Jolly v. Otey (S.D. Ill. 2025). · Go Syfert
Jolly v. Otey (S.D. Ill. 2025). Book View Copy Cite
No syfertize treatment data for cluster 10319047.
Jolly
v.
Otey
3:24-cv-01489.
District Court, S.D. Illinois.
Jan 21, 2025.
Unknown
IN THE UNITED STATES DISTRICT COURT
FOR THE SOUTHERN DISTRICT OF ILLINOIS

RONALD DALE JOLLY, #S05734, )
)
Plaintiff, )
)
vs. ) Case No. 24-cv-01489-JPG ) CHRISTOPHER OTEY, ) MIKE MILLER, ) OFFICER TOOMBS, ) OFFICER BUTLER, ) WAYNE COUNTY, ILLINOIS ) SHERIFF’S DEPARTMENT, ) and WAYNE COUNTY, ILLINOIS, ) ) Defendants. )

MEMORANDUM & ORDER

GILBERT, District Judge: This matter is before the Court for review of Plaintiff Ronald Jolly’s Second Amended Complaint (Doc. 22) filed pursuant to 42 U.S.C. § 1983 for constitutional deprivations that allegedly occurred during his confinement at Wayne County Jail. Plaintiff claims that the defendants retaliated against him for filing a lawsuit against county officials in 2009, by denying him medical care, access to his attorney, and appropriate housing following his return to the Jail in 2023. He seeks money damages. Id. The Second Amended Complaint is subject to screening under 28 U.S.C. § 1915A. This statute requires the Court to filter out any portion that is legally frivolous or malicious, fails to state a claim for relief, or requests money damages from an immune defendant. See 28 U.S.C. § 1915A(a)-(b). At this juncture, the factual allegations in the pro se complaint are liberally construed. Rodriguez v. Plymouth Ambulance Serv., 577 F.3d 816, 821 (7th Cir. 2009). Second Amended Complaint Plaintiff makes the following allegations in the Second Amended Complaint (Doc. 22, pp. 1-44): Plaintiff claims that he was subjected to retaliation by Wayne County officials in 2023 because of a lawsuit he filed against Sheriff Jim Hinkle and Officer Michael Miller in 2009. See Jolly v. Hinkle, No. 2009-cv-00074-GPM (S.D. Ill. 2009).

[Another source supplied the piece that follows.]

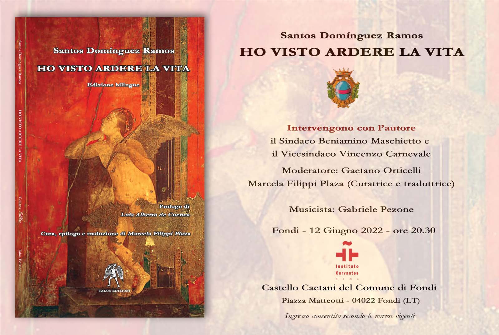 “Ho visto ardere la vita”. Sul terrazzo del Castello Caetani di Fondi la presentazione del libro. Domenica 12 giugno 2022 alle ore 20,30, uno dei più grandi poeti viventi spagnoli, Santos Domínguez Ramos sarà presente a Fondi per presentare il suo libro di poesie bilingue, che sarà donato a tutte le persone presenti all’evento. Interverranno con l’autore il Sindaco Beniamino Maschietto e il Vicesindaco Vincenzo Carnevale; Marcela Filippi Plaza (Curatrice e traduttrice). A moderatore l’evento: Gaetano Orticelli. Le musiche saranno eseguite dal musicista Gabriele Pezone. Ingresso libero e consentito secondo le norme vigenti anticovid. Il poeta donerà il libro a tutte le persone presenti alla serata. “Il poeta spagnolo Santos Domínguez Ramos (nato a Cáceres nel1955) riunisce in questa edizione bilingue quattordici poesie, per lo più ecfrastiche, in cui rende il suo speciale tributo di ammirazione all’Italia e alla sua cultura in versi pieni di saggezza e di emozione. Marcela Filippi ha curato la traduzione in un italiano tanto elegante quanto fedele all’originale.” (Luis Alberto de Cuenca). Nel ricco panorama della poesia spagnola degli ultimi decenni, si sottolinea il nome di Santos Domínguez Ramos, autore spagnolo la cui opera è stata ampiamente riconosciuta, premiata, tradotta e inclusa nella selezione 25 poètes d’Espagne, pubblicata in Francia nel 2008, considerata come una delle più rappresentative della poesia spagnola degli ultimi cinquant’anni. È autore di altri libri eccellenti: Las provincias del frío, En un bosque extranjero, Las sílabas del tiempo, Luna y ciencia nocturna, El viento sobre el agua, Principio de Incertidumbre, Regulaciòn del sueño, Un canto straniero (Talos Edizioni,2019), El tercer reino (Pre-Textos, Poesía.Valencia 2021), Ho visto ardere la vita (Talos Edizioni, 2021). Una delle sue opere “El viento sobre el agua” , ha ottenuto all’unanimità il XXXVI Premio Ispanoamericano di Poesia Juan Ramòn Jìmenez, uno tra i più importanti che si concede nella lingua spagnola. La sua opera poetica viene considerata come “una delle voci più importanti e più autentiche della sua generazione, che coniuga perfettamente i due principali ingredienti poetici:l’esattezza e il mistero” (Felix Grande). La critica specializzata lo considera uno dei principali poeti spagnoli dell’attualità.
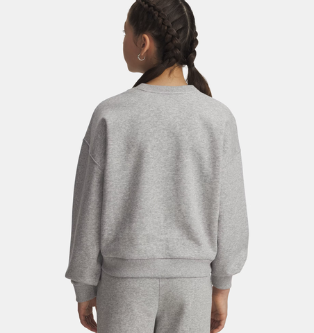 Under Armour Girls' UA Rival Fleece Oversized Crew - Mod Gray Light Heather / White - 011

On March 6, 2023, Plaintiff was arrested and booked into Wayne County Jail. Id. at 7. During booking, he informed an unknown booking officer1 that he suffered from back pain requiring treatment with nerve blocking shots, which he had been receiving from Horizon Health Clinic since 2015. Plaintiff complained of severe back pain two days later and asked a jailer to confirm his upcoming appointment for the shot. The jailer instructed him to speak with Chief Jail Administrator/Sergeant Mike Miller. Plaintiff did so that day and emphasized his ongoing need to attend the pain clinic to receive nerve blocking shots for his back pain. Miller assured Plaintiff that he would receive all treatment as long as “he doesn’t cause any problems like he’s done in the past.” Id. at 8. At the time, Plaintiff was not causing problems. However, he understood that

Miller was referring to a 2009 lawsuit he filed against the officer to challenge several county policies and procedures pursuant to 42 U.S.C. § 1983. Id. From that point forward, Miller took steps to retaliate against Plaintiff, alone and with other staff members. Id. at 9. From March through December 2023, Plaintiff was denied access to the pain clinic and treatment for his chronic back pain; each time his treating physician scheduled an appointment, it was cancelled. Id. at 10. From March through November 2023, Miller denied him access to confidential communications with his attorney. Id. at 9. In May and June 2023, Miller ordered Officers Toombs and Butler to place Plaintiff in female housing to humiliate him and then

1 Plaintiff mentions a booking officer, jailer, treating doctor, and Dr. Pelegrin in the statement of his claim, but he names none of them as defendants and asserts no claims against them. moved him to a cold cell to harass him. Id. When he filed grievances to complain about these issues beginning in June 2023, the retaliation only worsened. Id. Discussion Based on the allegations in the pro se Second Amended Complaint, the Court designates the following counts:

Count 1: Defendants retaliated against Plaintiff for filing a 2009 lawsuit against Mike Miller by denying Plaintiff access to treatment for his chronic back pain from March through December 2023, in violation of the First Amendment.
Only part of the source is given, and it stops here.